Но вот ею заинтересовалась стая баргестов — семь голов.
Мелькнула вялая мысль: «При свете дня, они похожи на утопленных собак. Наверное, так оно и есть».
Кира оскалилась, изобразив глухой рык, и удобнее перехватила нож, не помня, когда он оказался в руке: «Перебью сколько получится, все меньше по лесам разбегутся… — простое оправдание собственному малодушию. — Надолго меня не хватит, но и к лучшему». — Защитница совсем не хотела жить, но и не могла признаться себе в этом прямо.
Баргесты, пригнув к земле головы, пронзительно затявкали, срываясь на нестройный вой. Он послужил сигналам для других отродий. На зов торопился «сенокосец», ковыляя, на длинных несуразных лапах, которых осталось пять вместо восьми.

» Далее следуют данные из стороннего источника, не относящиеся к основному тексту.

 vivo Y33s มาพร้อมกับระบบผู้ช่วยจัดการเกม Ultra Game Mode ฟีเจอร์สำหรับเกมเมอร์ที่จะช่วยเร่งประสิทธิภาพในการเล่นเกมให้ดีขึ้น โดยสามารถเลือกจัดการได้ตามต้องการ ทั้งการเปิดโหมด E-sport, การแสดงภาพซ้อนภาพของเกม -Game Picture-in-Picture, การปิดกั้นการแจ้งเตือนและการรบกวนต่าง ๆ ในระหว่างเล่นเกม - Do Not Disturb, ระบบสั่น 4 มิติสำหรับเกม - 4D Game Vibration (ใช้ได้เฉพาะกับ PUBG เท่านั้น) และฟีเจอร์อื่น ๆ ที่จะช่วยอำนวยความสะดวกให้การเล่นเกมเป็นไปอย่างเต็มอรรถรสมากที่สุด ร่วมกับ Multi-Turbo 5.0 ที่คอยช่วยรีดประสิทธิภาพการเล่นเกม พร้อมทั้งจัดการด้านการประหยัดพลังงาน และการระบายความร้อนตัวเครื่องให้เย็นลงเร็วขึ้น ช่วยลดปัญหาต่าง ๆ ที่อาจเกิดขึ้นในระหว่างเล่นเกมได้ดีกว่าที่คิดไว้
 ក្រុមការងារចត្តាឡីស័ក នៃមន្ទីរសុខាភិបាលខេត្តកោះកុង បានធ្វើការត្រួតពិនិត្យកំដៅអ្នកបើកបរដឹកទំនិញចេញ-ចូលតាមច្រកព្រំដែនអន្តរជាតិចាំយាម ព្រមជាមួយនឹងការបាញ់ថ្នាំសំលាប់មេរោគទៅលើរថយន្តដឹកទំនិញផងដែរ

Гнусного вида сороконожка, вполне себе обычная, если бы не размеры, споро перебирала ногами. Пошатываясь, поодаль поднялись два мертвяка, еще вчера бывшие княжескими ратниками. У одного половина лица отсутствовала, у другого выеденное брюхо подо рваной кольчугой открывало белые позвонки.
Кира расхохоталась почти радостно. Чуть присела, выставив вперед левую руку, принялась мягко переступать, поворачиваясь, чтобы не пропустить атаку. Баргесты завыли снова. Теперь в их голосах звучало предвкушение — остатки ее силы влекли их, словно желанное лакомство. Неожиданно вдалеке раздался иной вой. Живой. Исполненный дикой мощи. То с севера, стремительно приближаясь размашистыми прыжками, стелились над землею серые спины, которым не было счета.
«Стая? Весной?!»
Безмозглые твари будто растерялись, и тут вдруг задрожала земля. Кира до того уже некоторое время ощущала мерный гул, что отдавался где-то в животе, но не придавала значения. Резко обернулась, чтобы ошеломленно замереть. С юга во весь опор скакали сартоги — несметная орда, какую ей еще не доводилось видеть.
Защитница улыбнулась. Смерти осталось ждать недолго. Прохрипела:
— Ну? Кто первый?
Получилось не столь внушительно, как хотелось — сорванное горло, отвыкшее от речи за последние часы, дало о себе знать. Нож да кулаки — вот все оружие, что у нее было. Киррана не смогла даже создать простенький щит. Жалкие остатки силы, едва теплящейся в выжженных до пепла потоках, помимо воли и желания уходили на регенерацию. Она отдала бы и их, если только могла.
Нападавшего выдал невыносимый гнилостный запах из мертвой пасти. Увернувшись от клацнувших у самого уха челюстей, инстинктивно задержала дыхание. Баргест, промахнувшись, неловко приземлился, подвернув лапу. Кира, не жалея, отвесила ему пинка. Второго прямо в полете сбил волк — первый из добравшихся. Принялся остервенело рвать на части.
Лошадиный топот, раздался совсем рядом. Обернувшись, Кира прикрыла глаза от яркого света рукой, углядев, как привстал в седле кочевник, занося короткое копье.
Ослепительно загорелся на шее громовик тин Хорвейга, отразив солнечный луч.
«Вот и все…»
Кира опустила руку и зажмурилась — все равно посмотреть сартогу в глаза не вышло бы. Одновременно гордо выпрямилась, подставляя грудь острому навершию. Болезненная радость затопила ее существо: «Смерть, достойная воина. Все лучше, чем быть разорванной тварями». Боли Кира не боялась она ничто, по сравнению с той, тупой и тянущей, что поселилась в сердце.